American entrepreneur and philanthropist (1923–2015)

Henry Thomas Segerstrom (April 5, 1923 – February 20, 2015) was an American philanthropist and real estate developer. The managing partner of C.J. Segerstrom & Sons, he was the founding chairman of the Orange County Performing Arts Center, now known as the Segerstrom Center for the Arts.

==Life==
Henry Thomas Segerstrom was born into a Swedish immigrant family in Santa Ana, California. A farming family, the Segerstroms moved from dairy farming to cultivating alfalfa, eventually specializing in the production and harvesting of lima beans. They would become the largest producers of dried lima beans in the United States.

== Education ==
In 1939, Henry T. Segerstrom graduated from Santa Ana High School as valedictorian, where he also served as class president. At age 17 he enrolled in Stanford University. His education was interrupted by World War II; he joined the war effort after Pearl Harbor, in 1942. After the war he returned to Stanford, where he graduated with a Bachelor of Arts degree and a Masters of Business Administration from Stanford Business School in 1948. In February 2008, Stanford University presented him with the Ernest C. Arbuckle Award for his lifetime of outstanding accomplishments.

== Military service ==
Enlisting in the U.S. Army on June 24, 1942, Henry T. Segerstrom was commissioned a second lieutenant upon graduation from the Field Artillery Officer Candidate School at Fort Sill, Oklahoma on May 27, 1944. He was deployed to the European front as a second lieutenant, later rising to the rank of captain. In France, he was severely wounded in action during the Battle of the Bulge. He then returned to California to recover at Dibble General Hospital in Menlo Park. In 1945, Segerstrom was awarded the Purple Heart and the European Theater of Operations Ribbon with Battle Star. He remained on active duty until 1947.

== Business career ==
As managing partner of the family-owned company, C.J. Segerstrom & Sons, a commercial real estate and retail management firm established in 1898, he spearheaded commercial development in Orange County, California. Under his guidance, C.J. Segerstrom and Sons developed the area that became South Coast Metro.

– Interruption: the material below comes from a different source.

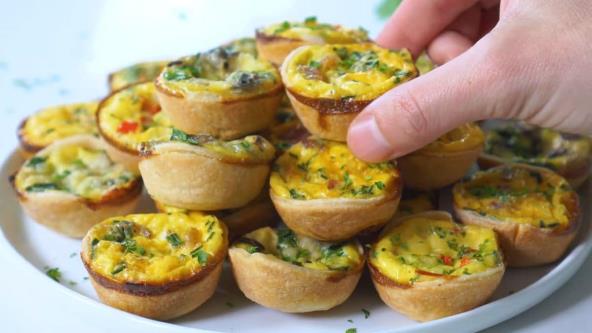 Razvucite lisnato testo, pa okruglim kalupom vadite oblike. Utisnite testo u kalup za mafine tako da pokrije i ivicu. Stavite u svaki mafin malo slanine, pečuraka i paprika, pa pospite sirom. Preko sipajte nadev od jaja. Kašikom promešajte sve sastojke.

In 1962 C.J. Segerstrom & Sons hired a land-planning consultant to lobby state highway planners to reroute the southern section of the San Diego Freeway (the 405) through Segerstrom property, the future home of the retail site they planned to develop. This freeway would provide hundreds of thousands of Southern California residents easy access between Los Angeles and San Diego.

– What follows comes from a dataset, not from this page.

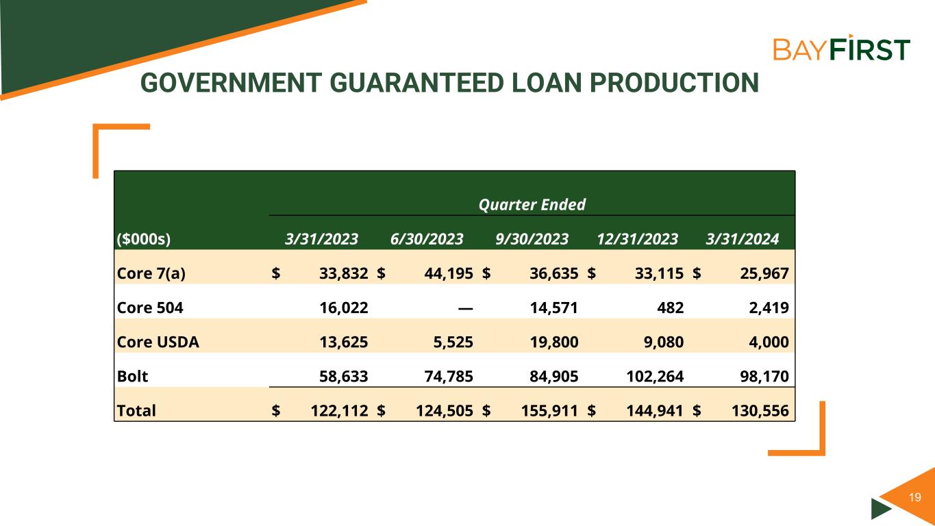 18 $1,044 $1,122 $1,199 $1,252 $1,326 $350 $364 $373 $396 $375 $694 $758 $826 $856 $951 HFI Government Guaranteed Loans (1) Government Guaranteed Loans Serviced for Others 3/31/2023 6/30/2023 9/30/2023 12/31/2023 3/31/2024 $0 $250 $500 $750 $1,000 $1,250 $1,500 CREDITBENCH (SBA/USDA LOANS) Guaranteed Loans HFI and Loans Serviced for Others ($M) (1) Excludes PPP loans

Henry Segerstrom hired the architectural firm Victor Gruen Associated to design the expansion of the Center. In March 1967, Henry T. Segerstrom, along with his cousin Hal T. Segerstrom, Jr., opened a shopping center called South Coast Plaza in one of the family's lima bean fields in rapidly growing Orange County. South Coast Plaza would become one of the highest-grossing shopping centers in America.

The Santa Ana Army Air Base was located on Segerstrom-owned land. When the government withdrew from the base in 1948, the land was returned to the family along with several warehouses the army had left behind. Under Segerstrom's advocacy, the buildings were leased to the family's first tenants; a cannery in Newport Harbor and a truck and transfer center in Anaheim. Later, when the Carnegie Library in Santa Ana was relocated, Segerstrom encouraged his family to purchase the building and surrounding property. The library was razed and the property was soon developed into what would become the region's first air-conditioned office building.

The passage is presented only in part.